Violet rolled her eyes and took her hand, interlacing their fingers to walk out into the main area. "Still going to be your triple goddess. Anyways... Chelsea here is an absolute abomination in the kitchen. So, do you mind sharing your pancake breakfast?"
"The lasagna the other day was nice." Rin said in confusion.
Chelsea giggled from where she was lying on her bed with a book, trying to look like she hadn't just had a lecture, "Actually that was from my fridge. Violet makes my lunches."
Rin rolled her eyes, "No wonder it was good. And no wonder you don't want to learn how to cook if she'll force herself to do it for you. Okay. I suppose my stomach has settled."
"Then find a seat." Violet instructed and began grabbing ingredients and bowls out, "This chef is getting to work."
She turned to look at the other witch, "Um... Thanks. For the other day."
"You cheered up Vi." Chelsea shrugged, "Which is amazing. Never seen her go from stressed out to happy so quickly... Did you fuck her?"
"Violet." Rin glared at the witch's back, "You wanna explain this to me? Like why every damn person you know thinks I'm your fucking girlfriend?"
She shrugged, "They obviously realise I like you. And assume it's mutual because you haven't run the other way."
Chelsea rolled onto her side, "Seriously? You're... Not?"
"No!"
"Wow. Total waste." The younger witch shook her head, "I would totally hit that. Except she got annoyed and said I was way too young for her."
Rin winced, "Yeah... You two, creepy age gap."
"Don't." Violet pointed a spatula at the younger witch, who just grinned and laughed, "So... You didn't tell her?"
Rin raised an eyebrow, "Tell me what?"
"Vi is way older than she looks. She's a witch. Youth is sort of a package deal. The more powerful you are, the longer you take to age." Chelsea grinned, "Me, for example. Don't I look amazing for forty five?"
"We also mature slower, so you're still a youth at heart." Violet sighed, "Which makes you way too young. You're mentally twenty."
Rin grinned and looked over at Violet, "So, I kinda saw this one coming. Especially with how motherly you can be... But...?"
"I know, right? She's got the total grandma vibe." Chelsea burst out giggling.
Violet sighed heavily, "Nineteen twenty-seven. Okay? I was born in 1927. There. Not like age is one of the most taboo things to talk about in witch friggin' circles! Chel!"

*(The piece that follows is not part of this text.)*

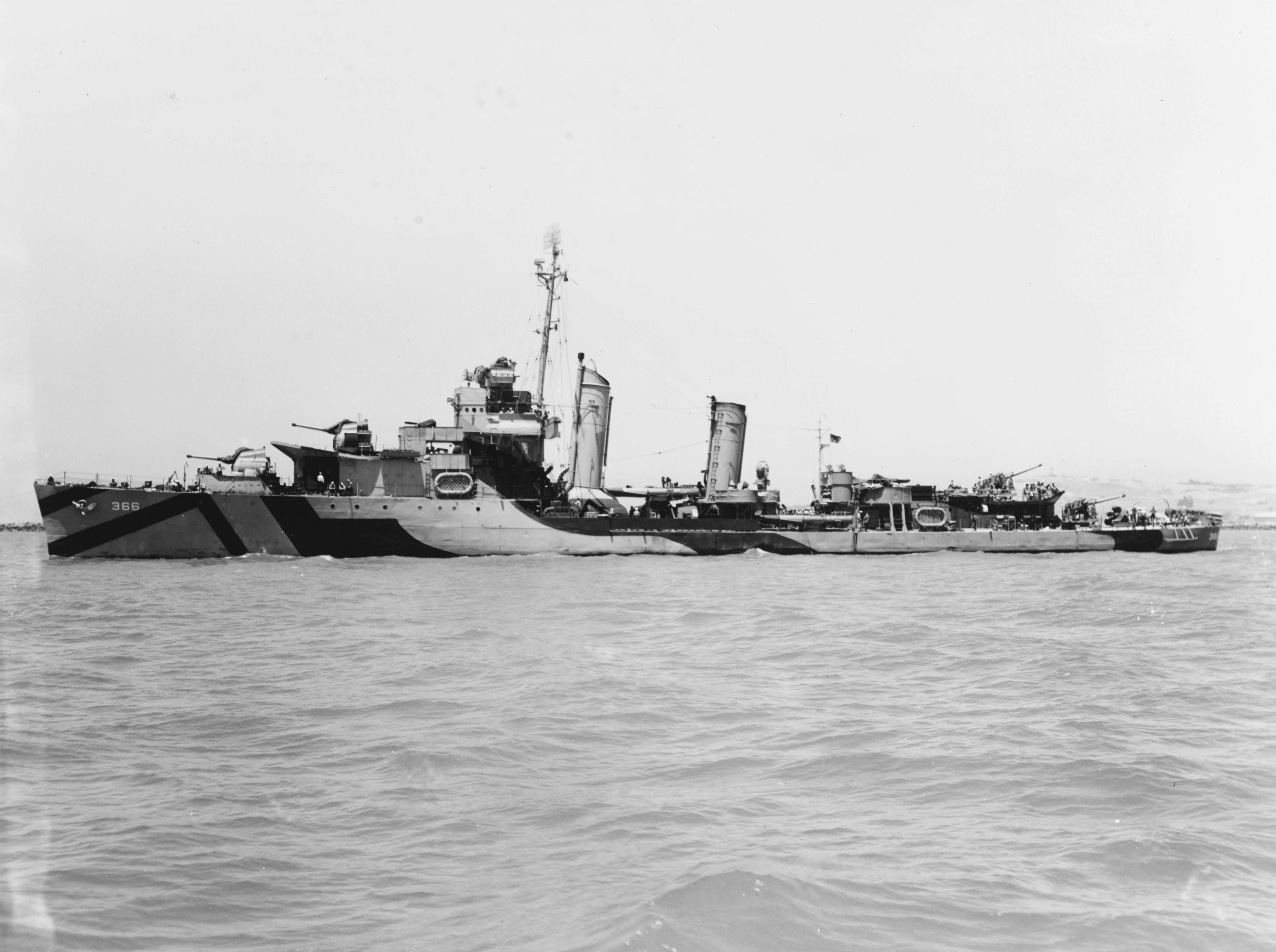 The U.S. Navy destroyer USS Drayton (DD-366) off the Mare Island Naval Shipyard, California (USA), on 26 June 1944. The ship is painted in Camouflage Measure 31, Design 23d.

Rin counted on her fingers and stared up at her, "You're ninety-four!?"
"Yes, no. Sorta." Violet sighed heavily, "Physically, sure. But I'm closer to twenty nine, mentally. And sorta physically, too. I age slower, because magic. But talking about my age is going to get real weird, real fast. Because I am also way older than ninety four."
"So when you said magic has a ton of drawbacks, you forgot the eternal youth." Rin said jealously.
The witch looked at her pointedly.
She cringed and stared at her feet, "Oh. Because of that."
"Yeah. Now shut up. And... Pancakes up!"
Rin watched as Violet spread the maple syrup and began cutting the pancake, offering it to her on the end of a fork. She frowned, "I can feed myself. Do we always have to have this conversation?"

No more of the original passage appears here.